= 2012 Minnesota elections =

Elections were held in Minnesota on Tuesday, November 6, 2012. Primary elections took place on August 14, 2012. The Democratic-Farmer-Labor Party (DFL) saw wins across the board, gaining a majority in both state legislative houses and flipping one congressional seat. Two Republican-supported constitutional amendments on were struck down.

==Federal==

=== United States Senate ===

Democratic–Farmer–Labor candidate Senator Amy Klobuchar won re-election over Republican state Representative Kurt Bills.

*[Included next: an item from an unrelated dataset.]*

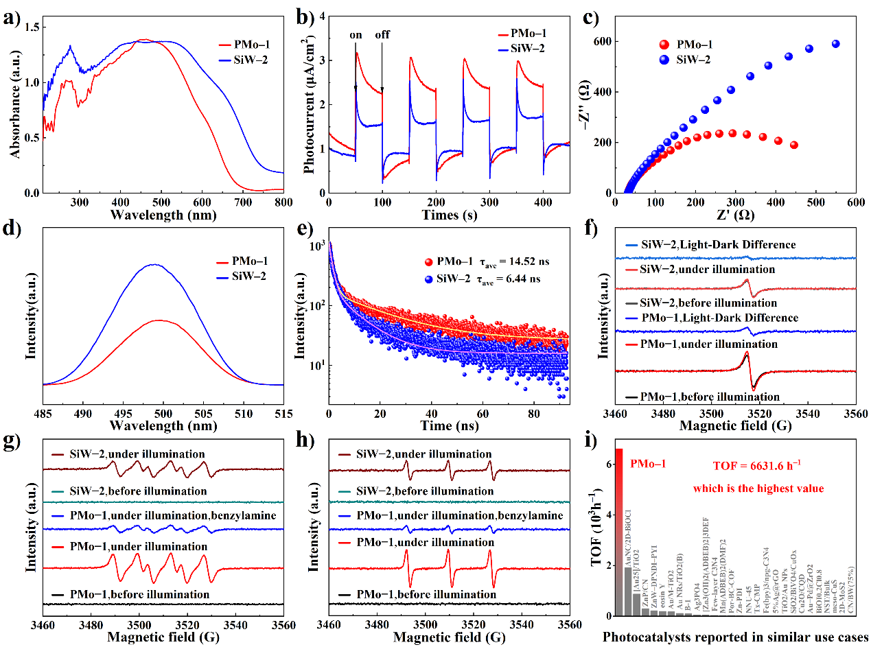 圖文解析 新能源的開發(fā),如太陽能、風(fēng)能、潮汐能、地?zé)崮艿龋趲椭鷮?shí)現(xiàn)“碳中和”的全球目標(biāo)。光催化作為一種有前途的太陽能利用方式,已經(jīng)引起了廣泛關(guān)注。然而,其潛在的缺點(diǎn),如低的陽光利用效率和高的載流子的復(fù)合率,嚴(yán)重限制了其整體的能量轉(zhuǎn)換效率,并進(jìn)一步擠壓了其實(shí)際應(yīng)用。因此,開發(fā)具有增強(qiáng)光催化性能的可見光響應(yīng)光催化劑已經(jīng)成為一個(gè)研究熱點(diǎn)。 另一方面,亞胺及其衍生物是合成藥品、染料和精細(xì)化學(xué)品等的重要中間體。在光照下,芐胺與O2的光催化氧化偶聯(lián)具有高原子經(jīng)濟(jì)性和環(huán)境友好性的優(yōu)勢(shì)。近年來,各種光催化劑已經(jīng)被開發(fā)出來以實(shí)現(xiàn)這一反應(yīng)。盡管它們表現(xiàn)出較高的光催化活性,但同時(shí)也存在一些問題,如結(jié)構(gòu)不清晰、反應(yīng)時(shí)間長(zhǎng)和催化劑難以回收等。因此,開發(fā)高效和可重復(fù)使用的光催化劑來實(shí)現(xiàn)亞胺合成仍然是一項(xiàng)非常有價(jià)值的任務(wù)。 在此,我們合成了兩例POMOFs結(jié)晶型光催化劑(PMo-1和SiW-2)。X射線單晶衍射分析表明,PMo-1和SiW-2是同構(gòu)的,只是POMs陰離子有所不同。以PMo-1為例,其結(jié)構(gòu)單元由兩個(gè)Cd(II)離子、一個(gè)[PMoVI11MoVO40]4?陰離子、兩個(gè)[Ru(bpy)2(dcbpy)]金屬配體、四個(gè)配位DMF分子和兩個(gè)自由DMF分子組成(圖1)。POMs陰離子通過氫鍵等弱相互作用和Cd-[Ru(bpy)2(dcbpy)]框架相連。這種連接不僅在指導(dǎo)POMOFs合成上發(fā)揮了重要作用,而且還加強(qiáng)了不同組分之間的聯(lián)系,從而改善了電荷轉(zhuǎn)移和電子交換過程,確保了更長(zhǎng)的激發(fā)態(tài)壽命以實(shí)現(xiàn)高反應(yīng)活性。同時(shí),通過XPS進(jìn)一步確定了PMo-1和SiW-2中金屬原子的價(jià)態(tài)。另外,還通過它們的FTIR、PXRD圖譜和TGA曲線進(jìn)一步確認(rèn)了其結(jié)構(gòu)和組成。 圖1 PMo-1的結(jié)構(gòu)描述。a) PMo-1的結(jié)構(gòu)單元。b)一維鏈之間通過π-π堆積沿a軸方向形成的二維結(jié)構(gòu)。c) POMs和一維鏈之間的陰離子···π相互作用(天藍(lán)色虛線)和氫鍵(棕色虛線)。d) PMo-1的3D結(jié)構(gòu)。(顏色代碼:C,灰色-40%;Cd,青綠色;N,藍(lán)色;O,紅色;H,白色;Ru,玫瑰色;Mo和MoO6多面體,藍(lán)綠色;P和PO6多面體,黃色。) PMo-1和SiW-2的固體紫外光譜顯示兩種POMOFs都表現(xiàn)出廣泛的光吸收(圖2a),幾乎覆蓋了整個(gè)紫外-可見光區(qū)。進(jìn)一步計(jì)算得到PMo-1和SiW-2的帶隙(Eg)分別為2.12 eV和2.02 eV,揭示了它們作為光催化劑的潛力。結(jié)合在不同頻率下的Mott?Schottky測(cè)試得到PMo-1和SiW-2的最低未占分子軌道(LUMO)能級(jí)為?0.37 V(vs. NHE)和?0.39 V(vs. NHE),比O2生成O2??的還原電位[E(O2/ O2??)] = ?0.33 V(vs. NHE)更負(fù),為活化O2生成O2??奠定了理論基礎(chǔ)。根據(jù)PMo-1和SiW-2的Eg和LUMO進(jìn)一步計(jì)算出最高占據(jù)分子軌道(HOMO)分別為1.75 V(vs. NHE)和1.63 V(vs. NHE)。顯然,它們的HOMO能級(jí)比芐胺偶聯(lián)所需的氧化電位更正:E1/2(M+/M) = 1.47 V(vs. NHE)。因此,利用PMo-1和SiW-2作為光催化劑來實(shí)現(xiàn)芐胺的氧化偶聯(lián)反應(yīng)在理論上是可行的。 為了更好地了解PMo-1比SiW-2活性高的原因,首先,我們通過瞬態(tài)光電流和電化學(xué)阻抗來研究它們的電子?空穴對(duì)分離和載流子遷移特性。在可見光照射下,PMo-1產(chǎn)生的光電流比SiW-2高得多,這表明PMo-1中的光誘導(dǎo)電子?空穴對(duì)的分離效率更高(圖2b)。同時(shí),Nyquist圖顯示PMo-1具有比SiW-2更小的半圓形尺寸(圖2c),表明其電荷轉(zhuǎn)移電阻更低,電荷轉(zhuǎn)移過程更快,這與光電流響應(yīng)結(jié)果一致。此外,與SiW-2相比,PMo-1的穩(wěn)態(tài)光致發(fā)光光譜強(qiáng)度要低得多,這表明PMo-1的電子?空穴對(duì)復(fù)合概率較低(圖2d)。同時(shí),通過TRPL光譜測(cè)試了PMo-1和SiW-2的特定電荷載體動(dòng)力學(xué)(圖2e)。其中,PMo-1表現(xiàn)出較慢的指數(shù)衰減,平均壽命為14.52 ns,是SiW-2(6.44 ns)的2.3倍,表明PMo-1產(chǎn)生的光生載流子更有可能參與隨后的表面氧化還原反應(yīng),這有利于提高光催化性能。 第三,進(jìn)行了EPR測(cè)試以評(píng)估其產(chǎn)生光生自由基和活性氧(ROS)的能力。PMo-1在光照后顯示出明顯增強(qiáng)的EPR信號(hào),然而SiW-2的EPR信號(hào)沒有表現(xiàn)出明顯的變化,表明PMo-1在光照下能夠比SiW-2產(chǎn)生更多的載流子(圖2f)。此外,在PMo-1的存在下觀察到明顯的O2??和1O2的EPR特征信號(hào)峰(圖2g和圖2h),而在SiW-2中檢測(cè)到的信號(hào)要弱得多,這意味著PMo-1擁有比SiW-2更強(qiáng)的將O2活化為O2??和1O2的能力。 圖2 a) PMo-1和SiW-2的紫外可見漫反射光譜。PMo-1和SiW-2的b)瞬態(tài)光電流響應(yīng)和c) Nyquist圖。PMo-1和SiW-2的d) PL和e) TRPL光譜。f) PMo-1和SiW-2中光生自由基的EPR檢測(cè)。g) 由DMPO捕獲的PMo-1和SiW-2上的O2??生成的EPR檢測(cè)。h)由4-oxo-TEMP 捕獲的PMo-1和SiW-2上的1O2生成的EPR檢測(cè)。i)與在類似實(shí)驗(yàn)條件下報(bào)道的光催化劑的對(duì)比圖。 值得一提的是,PMo-1催化芐胺氧化偶聯(lián)的TOF高達(dá)6631.6 h?1。據(jù)我們所知,PMo-1的TOF超過了在類似實(shí)驗(yàn)條件下以往報(bào)道的任何光催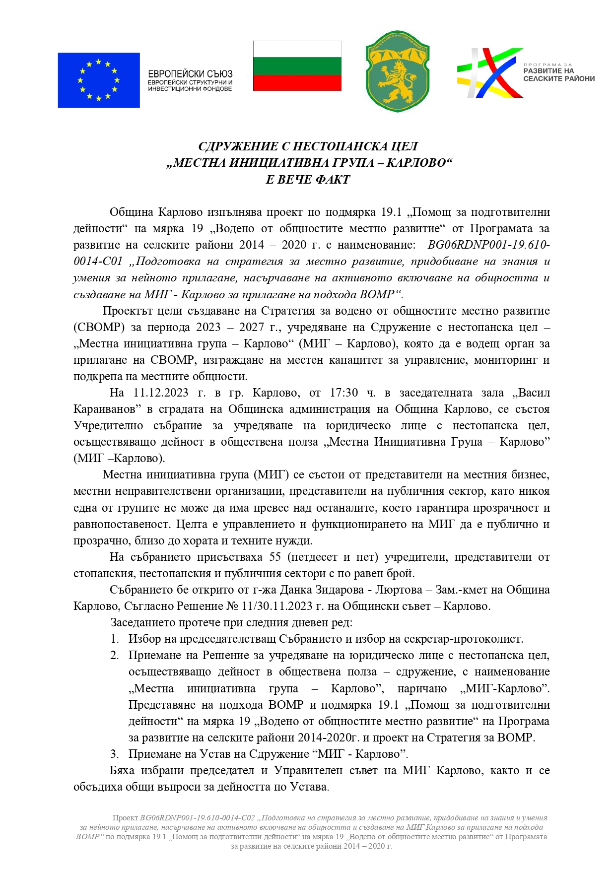 На 11.12.2023 г. в гр. Карлово, от 17:30 ч. в заседателната зала „Васил Караиванов” в сградата на Общинска администрация на Община Карлово, се състоя Учредително събрание за учредяване на юридическо лице с нестопанска цел, осъществяващо дейност в обществена полза „Местна Инициативна Група – Карлово” (МИГ –Карлово).

=== United States House of Representatives===

All eight seats of the Minnesota delegation in the United States House of Representatives were up for election in 2012. All eight incumbents were seeking re-election. The DFL won five seats, flipping District 8.

==State==

===Ballot measures===

Two constitutional amendments regarding same-sex marriage and voter identification were on the ballot. Both were defeated.

===Minnesota Senate===

All 67 seats in the Minnesota Senate were up for election in 2012. The DFL won a majority with 39 seats.

===Minnesota House of Representatives===

All 134 seats in the Minnesota House of Representatives were up for election in 2012. The DFL won a majority with 73 seats.

==Local==
Many elections for local offices were also held on November 6, 2012.